This is actually an age-old question, and there are many high-quality articles online. However, there seems to be little content that connects AI and storage step by step (maybe I just haven’t found the relevant content, but it doesn’t matter, organizing this article is mainly to help myself sort out knowledge in this area). Let’s set this aside for now and expand on it step by step later.
AI Training Framework + Storage Integration
When discussing AI storage, we can’t avoid AI training frameworks. Storage has always been just a castle in the air - without OpenStack, without Kubernetes, without AI training frameworks, storage cannot be implemented.

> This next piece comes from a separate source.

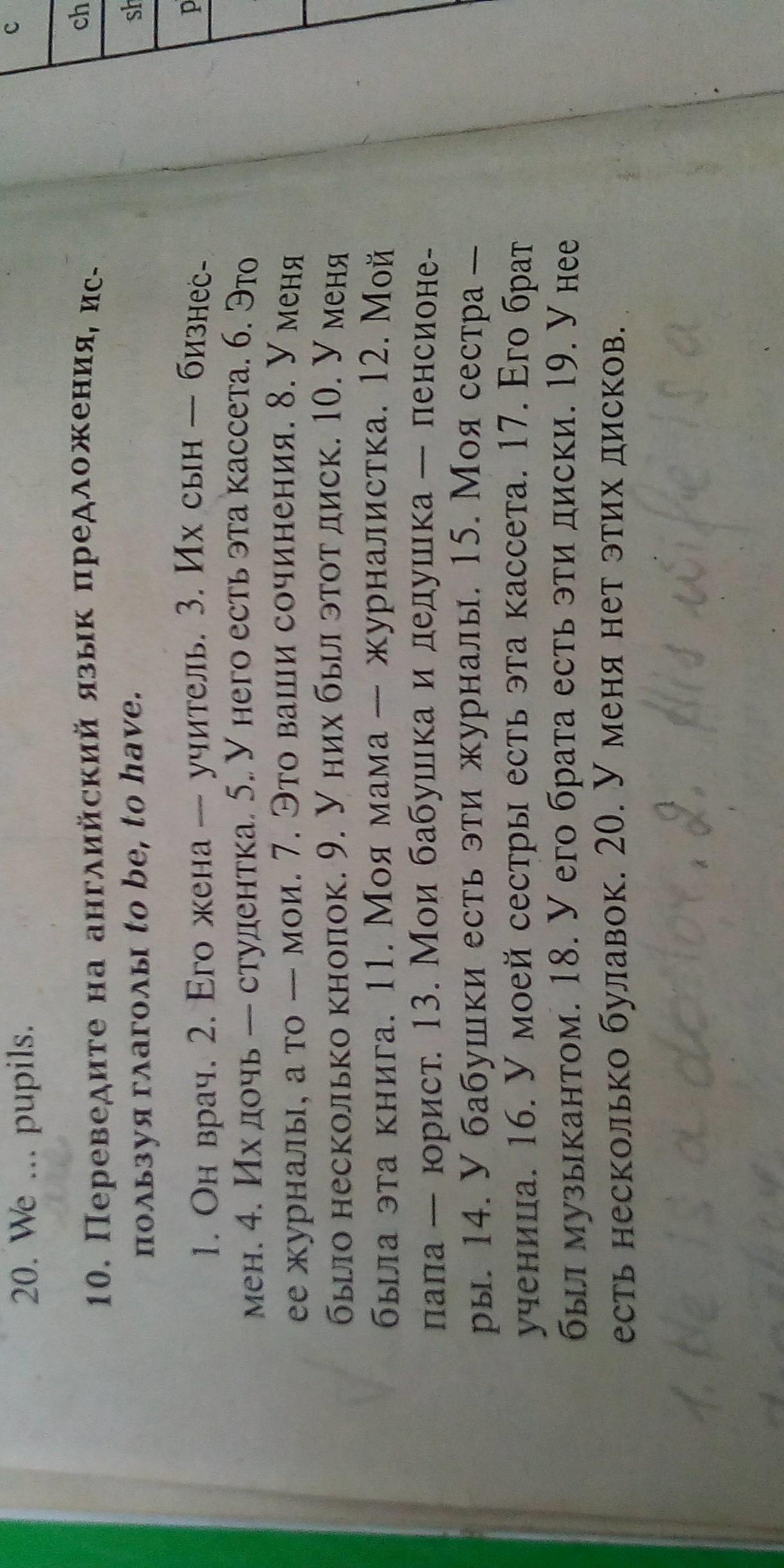 1) He is a doctor. 2) His wife is a teacher. 3) Their son is businessman. 4) Their daughter is a student. 5) He has a tape. 6) These are her magazines, those mine. 7) These are your essays. 8) I had a few buttons. 9) They had this disk. 10) I had this book. 11) My mother is a journalist. 12) My father is a lawyer. 13) My grandparents pensioners. 14) My grandmother has these magazines. 15) My sister is a pupil. 16) My sister has this tape. 17) His brother was musician. 18) His brother has this disks. 19) She has some pins. 20) I have not this pin.

Current mainstream AI training frameworks include PyTorch, TensorFlow, and PaddlePaddle. Here we use PyTorch as an example. PyTorch provides two data primitives: torch.utils.data.Dataset and torch.utils.data.DataLoader. PyTorch data loading is completed through Dataset+DataLoader, where Dataset defines the data format and data transformation forms, and DataLoader continuously reads batch data in an iterative manner.
You can implement flexible data reading by inheriting PyTorch’s own Dataset class. Various systems can implement data connections (Connectors) with PyTorch based on this.
The following shows the overall framework diagram. The S3 Connector and FS-S3 Connector shown below are both developed by AWS (details can be found in aws-connector-for-pytorch). The Amazon S3 Connector for PyTorch automatically optimizes S3 read and list requests to improve data loading and checkpoint performance for training workloads. Due to S3’s universality, object storage systems that support S3 can directly use the Amazon S3 Connector for PyTorch. FS-S3 uses S3 at the bottom layer and can be exported through the file system, which is also a popular type of system currently, combining the advantages of both fs and s3. File-Store Connector is the system that PyTorch supports by default. In addition to these, there are also some public cloud’s own Connectors.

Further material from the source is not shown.